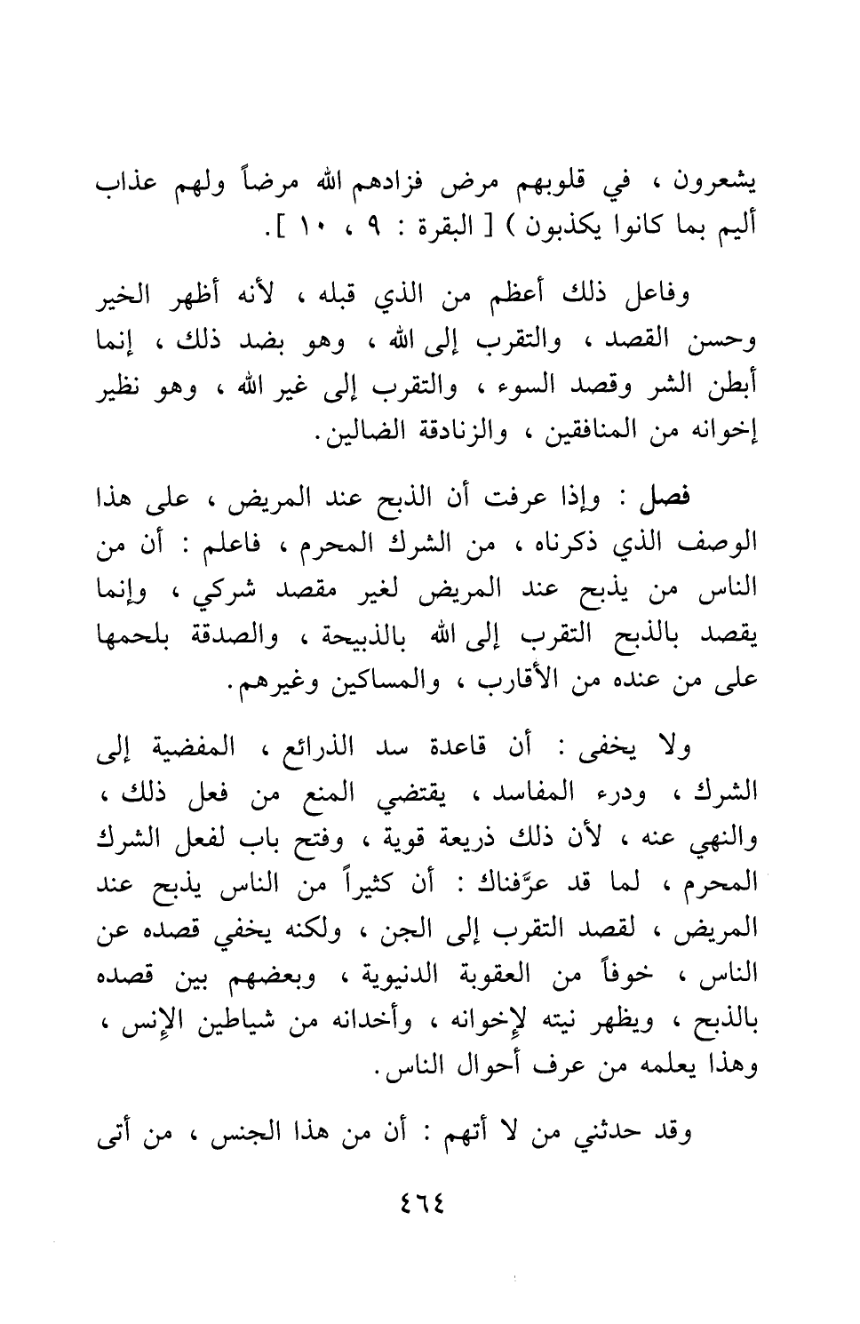 فصل: [الذبح عند المريض لغير مقصد شركي]
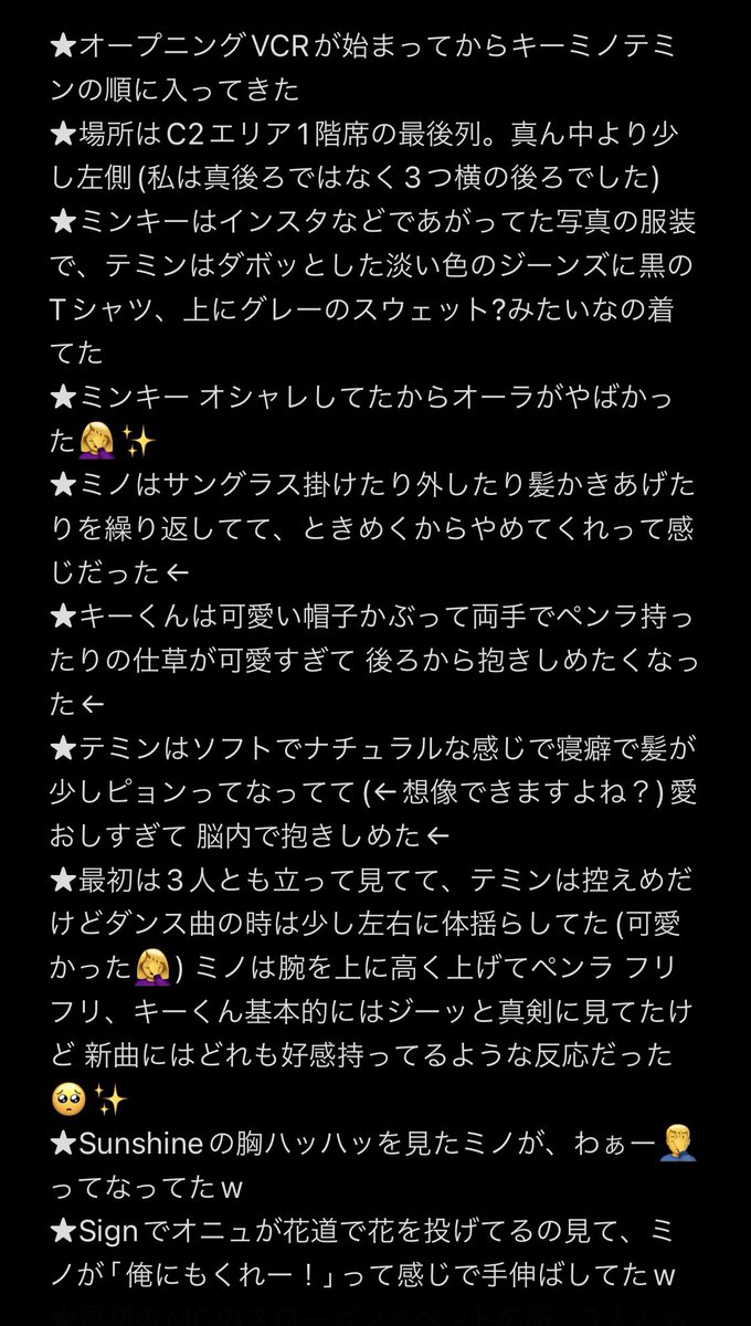 私の前の列にSHINee御三方おられました🥹❤️ SHINee越しにオニュを見る日が来るとは🤦♀️🤦♀️💕✨色々気になってオニュだけに集中する事は出来なかったけど←、なかなか経験できない特別な時間でした💎✨SHINee最高👍👍💕✨
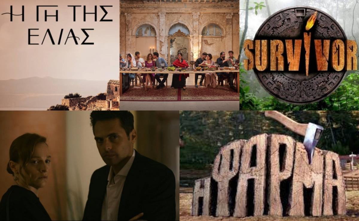 Στο γενικό σύνολο διατήρησε την πρωτιά ο Σασμός με 24,2%, το Survivor 22,7%, η Γη της Ελιάς 20,7%, η Σκοτεινή Θάλασσα 17,9% κι η Φάρμα 10,5%.

- - - - - - -

About this exercise = Everything in the material except the pictures should be output verbatim.

Output =
 فصل: [الذبح عند المريض لغير مقصد شركي]
 私の前の列にSHINee御三方おられました🥹❤️ SHINee越しにオニュを見る日が来るとは🤦♀️🤦♀️💕✨色々気になってオニュだけに集中する事は出来なかったけど←、なかなか経験できない特別な時間でした💎✨SHINee最高👍👍💕✨
 Στο γενικό σύνολο διατήρησε την πρωτιά ο Σασμός με 24,2%, το Survivor 22,7%, η Γη της Ελιάς 20,7%, η Σκοτεινή Θάλασσα 17,9% κι η Φάρμα 10,5%.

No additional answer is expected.